Among the notable win for the day, several stocks in the technology and financial sectors maintained upward momentum while others faltered. Shares of HDFC Bank, Axis Bank, and Infosys led the banks as the major contributors to the upside. On the flip side, stocks in the Nifty bank category showed declines with IndusInd Bank falling 4.84 percent to trade at ₹637.05. The losses were compounded by accounting issues surrounding the bank.

An analyst stated, “Traders should maintain a ‘buy on dips’ strategy with a focus on selective stock-picking.” The Nifty’s immediate resistance is now expected around the 23,800 level.

In related news, Foreign Institutional Investors (FIIs) continued their buying spree, supporting the market's positive sentiment.

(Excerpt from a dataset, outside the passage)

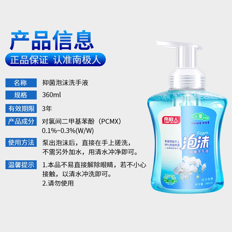 Antarctic antibacterial hand sanitizer Foam type household hand washing cleaning children sterilization disinfection Moisturizing Gentle and non-irritating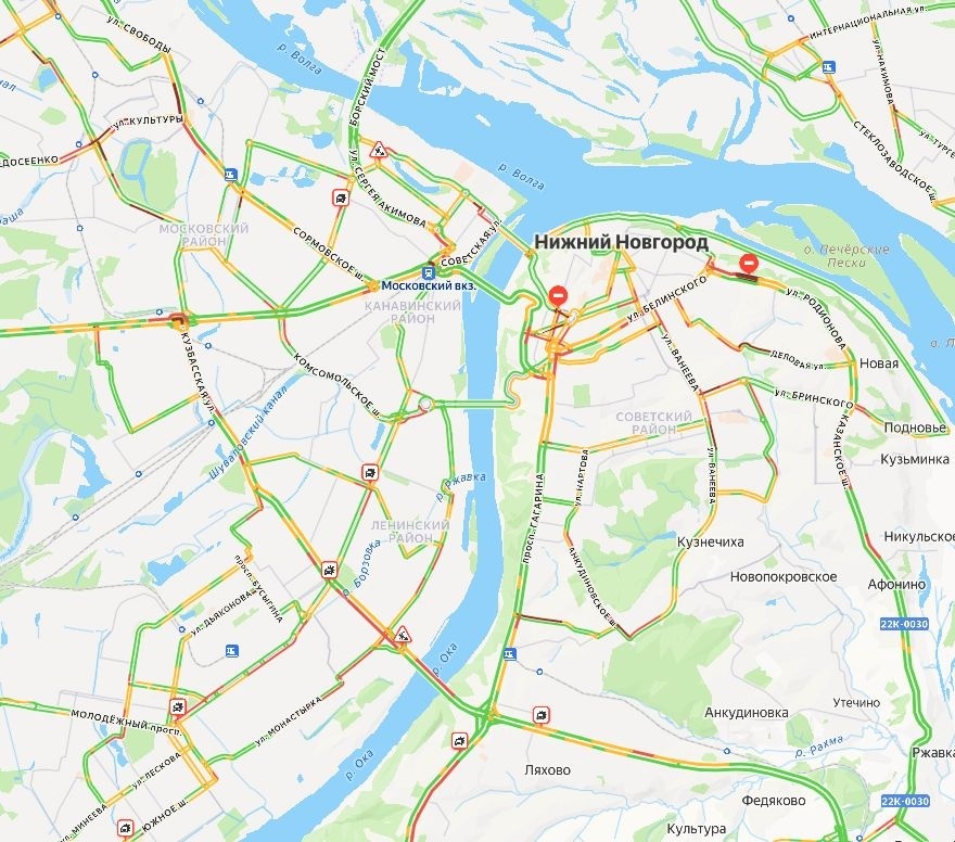 Серьезные пробки образовались в Нижнем Новгороде 10 декабря. Заторы на дорогах наблюдаются во всех районах. Об этом свидетельствуют данные сервиса «Яндекс. Пробки». В центре города движение затруднено на улицах Горького, Белинского, Родионова, Варварской. Ильинской, Новой, сенной площади и на Нижневолжской набережной в сторону Канавинского моста. Также пробка в несколько километров возникла на проспекте Гагарина начиная от деревни Ольгино. Затруднения также наблюдаются на улицах Ларина, Ванеева, Сусловой, 40 лет Октября, Анкудиновском и Казанском шоссе в верхней части города. В заречной части пробки образовались на улицах Новикова-Прибоя, Монастырке, Куйбышева. Керченской, Советской, Культуры, Коминтерна, Ярошенко, Коновалова, проспекте Ленина и Московском шоссе. Также стоит Мызинский мост в сторону Ленинского района. Ранее сообщалось, что пробки сковали новую объездную дорогу ан улице Родионова в первый же день после ее открытия. Самые интересные и срочные новости читайте в Telegram-к

They turned net buyers with purchases amounting to ₹3,055.76 crore, reinforcing the market's upward trajectory. Domestic Institutional Investors (DIIs) also turned net buyers, contributing ₹98.54 crore in equities on March 24, 2025.

The overall market breadth on March 25 showcased that out of 4,010 stocks traded across BSE, 1,109 advanced while 2,756 declined, reflecting the challenges faced by the majority of investors. The Nifty NEXT 50 index, which tracks larger companies, also faced a decline, finishing the day down 1.47 percent at 62,703.75.

Outside the major indices, some individual stocks captured attention. For instance, shares of BMW Industries Ltd surged nearly 10 percent after signing a Memorandum of Understanding (MoU) with the Ministry of Steel under the Production Linked Incentive (PLI) scheme for specialty steel. This development is expected to accelerate growth for the company.

Another significant event included the acquisition made by Madhusudan Murlidhar Kela, who bought 9.51 lakh shares or a 1.7 percent stake in SG Finserve at a price of ₹350.01 per share, reflecting his commitment to the investment.

The Sensex had its previous day soaring 1,078.87 points or 1.40 percent, which set an optimistic tone for the week. However, a swift retreat after considerable advances deemed it necessary for traders to adapt their strategies as they navigate through a mixed market dynamic.

With the completion of the F&O expiry looming, traders maintain a watchful stance on key support levels. Immediate support for the Nifty is pegged at around 23,400 while the top resistance remains at 23,800.

In summary, with mixed performances across sectors and profit booking setting in, investors remain cautious as they look forward to critical economic indicators and corporate earnings ahead.